Introduction
Introduction
Measures of average such as the median and mean represent the typical value for a dataset. Within the dataset the actual values usually differ from one another and from the average value itself. The extent to which the median and mean are good representatives of the values in the original dataset depends upon the variability or dispersion in the original data. Datasets are said to have high dispersion when they contain values considerably higher and lower than the mean value.
In figure 1 the number of different sized tutorial groups in semester 1 and semester 2 are presented. In both semesters the mean and median tutorial group size is 5 students, however the groups in semester 2 show more dispersion (or variability in size) than those in semester 1.
Dispersion within a dataset can be measured or described in several ways including the range, inter-quartile range and standard deviation.
The Range
The range is the most obvious measure of dispersion and is the difference between the lowest and highest values in a dataset. In figure 1, the size of the largest semester 1 tutorial group is 6 students and the size of the smallest group is 4 students, resulting in a range of 2 (6-4). In semester 2, the largest tutorial group size is 7 students and the smallest tutorial group contains 3 students, therefore the range is 4 (7-3).
An example of the use of the range to compare spread within datasets is provided in table 1. The scores of individual students in the examination and coursework component of a module are shown.
To find the range in marks the highest and lowest values need to be found from the table. The highest coursework mark was 48 and the lowest was 27 giving a range of 21. In the examination, the highest mark was 45 and the lowest 12 producing a range of 33. This indicates that there was wider variation in the students’ performance in the examination than in the coursework for this module.
Since the range is based solely on the two most extreme values within the dataset, if one of these is either exceptionally high or low (sometimes referred to as outlier) it will result in a range that is not typical of the variability within the dataset. For example, imagine in the above example that one student failed to hand in any coursework and was awarded a mark of zero, however they sat the exam and scored 40. The range for the coursework marks would now become 48 (48-0), rather than 21, however the new range is not typical of the dataset as a whole and is distorted by the outlier in the coursework marks. In order to reduce the problems caused by outliers in a dataset, the inter-quartile range is often calculated instead of the range.
The Inter-quartile Range
The inter-quartile range is a measure that indicates the extent to which the central 50% of values within the dataset are dispersed. It is based upon, and related to, the median.

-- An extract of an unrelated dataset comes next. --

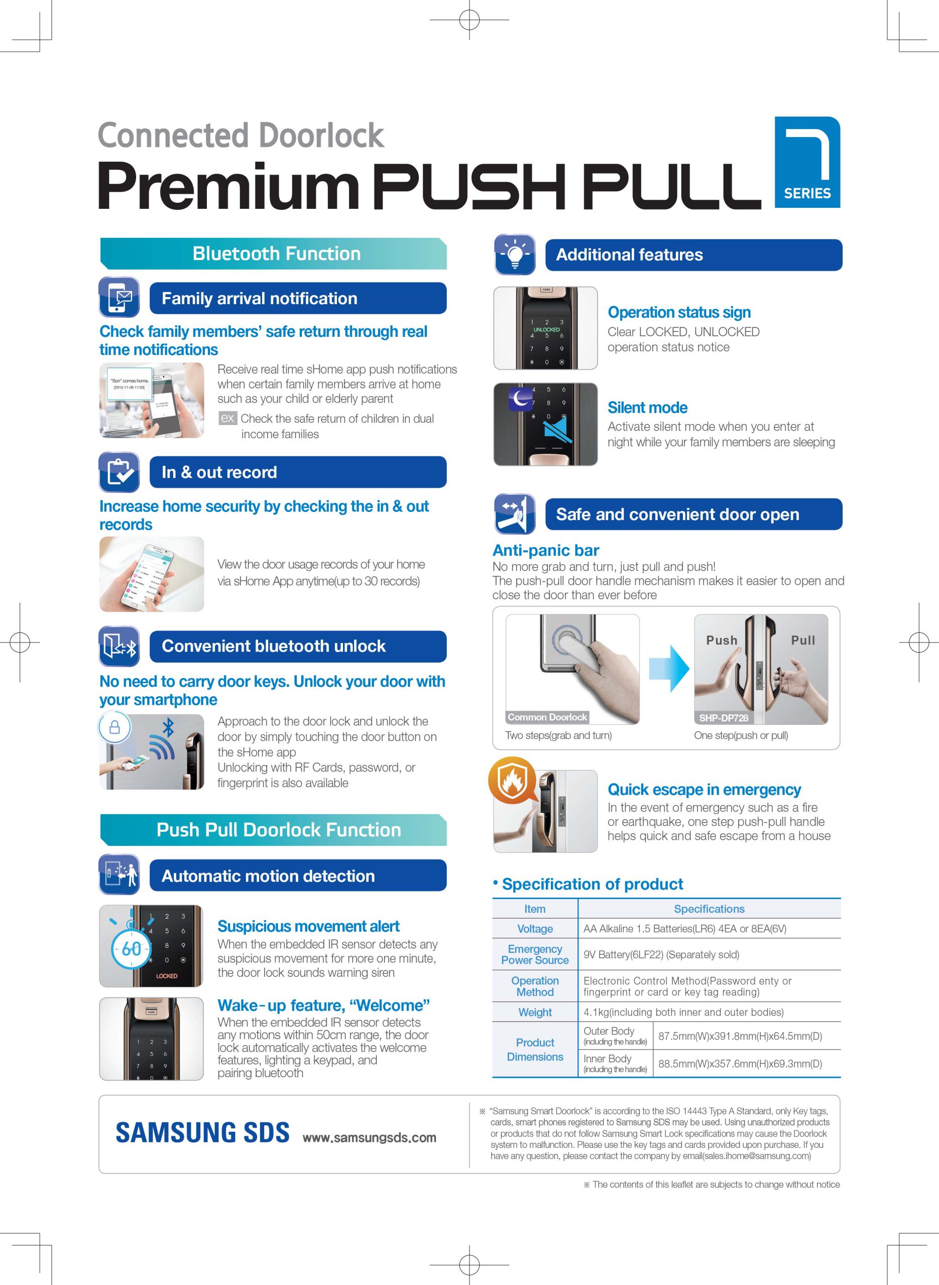 Ngoài ra, kích thước 3 chiều của khóa vô cùng hợp lý với cấu tạo chắc chắn, khóa Samsung SHP-DP728 Gold phù hợp lắp đặt với hầu hết các loại cửa (đặc biệt là cửa gỗ) có độ dày cửa 35~80mm (AML220: 35~60mm, AML320: 37~80mm).

In the same way that the median divides a dataset into two halves, it can be further divided into quarters by identifying the upper and lower quartiles. The lower quartile is found one quarter of the way along a dataset when the values have been arranged in order of magnitude; the upper quartile is found three quarters along the dataset. Therefore, the upper quartile lies half way between the median and the highest value in the dataset whilst the lower quartile lies halfway between the median and the lowest value in the dataset. The inter-quartile range is found by subtracting the lower quartile from the upper quartile.
For example, the examination marks for 20 students following a particular module are arranged in order of magnitude.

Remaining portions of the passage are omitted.